Exercise requirements:
Please copy exactly the part of the records below that opens with the line containing "如图,将标号为A、B、C、D" and closes with the line containing "Ivory/cream colored lightweight", leaving out any pictures.

--- Supplied material Enclosed Below ---

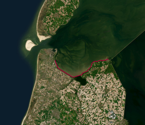 Het nemen van de luchtfoto’s vindt plaats op de primaire waterkering tussen Den Helder en Den Oever (zie de rode lijn in de figuur hieronder).
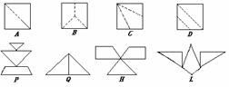 如图,将标号为A、B、C、D的正方形沿图中的虚线剪开后得到标号为P、Q、H、L的四组图形,试按照“哪个正方形剪开后能得
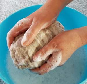 Now it was just all about working the wet felt to shrink it snugly around the foam core. This is the really wet and messy stage of this project. I also think I had a bit too much soap in my water. I alternated going to my kitchen sink and rinsing my rock with cold water to shock the fibers further, and working with the hot soapy water.
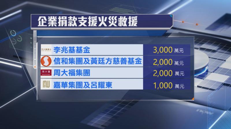 本地企業方面,恒基地產(00012)表示,李兆基基金將捐款3000萬元,信和集團及黃廷方慈善基金,以及周大福集團均捐出2000萬元。
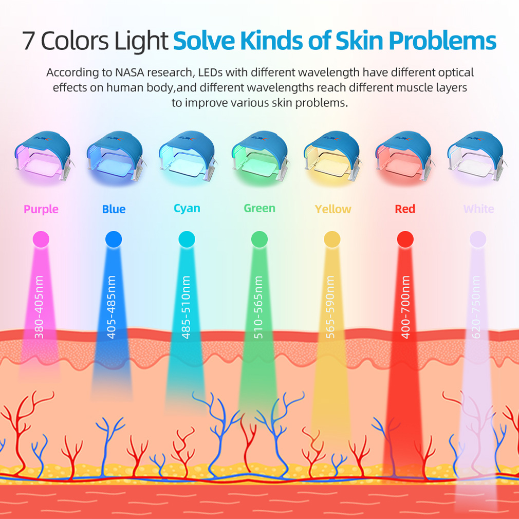 【7 Led Light Therapy Color Benefits】 Red light therapy lights of photodynamic therapy boost collagen production, anti-aging; Blue light of led light mask kills acne-causing bacteria; Green Light of led face masks Reduce spots, freckles, reddish or brown patches; Yellow Light Reduce inflammation, redness; Purple Light Eliminate toxins, promote cell regeneration; Cyan Light Treats inflammation, clears the skin, and prevents acne; White Light Promote skin tightening, fade fine lines and wrinkles
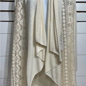 Ivory/cream colored lightweight knit cardigan. Waterfall lapels. Beautiful lace panels.
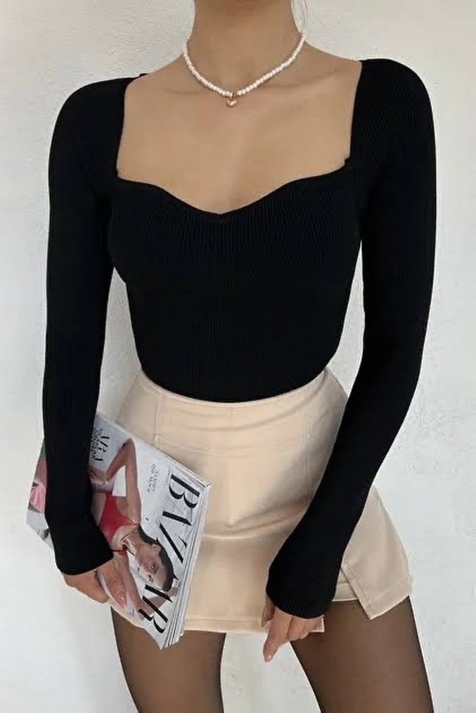 V yakalı, uzun kollu ve kısa kesim siyah büstiyer. Hafif sentetik kumaştan, sokak modasına uygun, zahmetsiz şıklık sunar. ✨
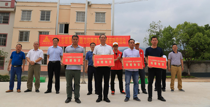 與會領(lǐng)導(dǎo)向受捐贈學(xué)校捐贈物質(zhì)

--- End of Enclosed Supplied material ---

Answer to this task:
 如图,将标号为A、B、C、D的正方形沿图中的虚线剪开后得到标号为P、Q、H、L的四组图形,试按照“哪个正方形剪开后能得
 Now it was just all about working the wet felt to shrink it snugly around the foam core. This is the really wet and messy stage of this project. I also think I had a bit too much soap in my water. I alternated going to my kitchen sink and rinsing my rock with cold water to shock the fibers further, and working with the hot soapy water.
 本地企業方面,恒基地產(00012)表示,李兆基基金將捐款3000萬元,信和集團及黃廷方慈善基金,以及周大福集團均捐出2000萬元。
 【7 Led Light Therapy Color Benefits】 Red light therapy lights of photodynamic therapy boost collagen production, anti-aging; Blue light of led light mask kills acne-causing bacteria; Green Light of led face masks Reduce spots, freckles, reddish or brown patches; Yellow Light Reduce inflammation, redness; Purple Light Eliminate toxins, promote cell regeneration; Cyan Light Treats inflammation, clears the skin, and prevents acne; White Light Promote skin tightening, fade fine lines and wrinkles
 Ivory/cream colored lightweight knit cardigan. Waterfall lapels. Beautiful lace panels.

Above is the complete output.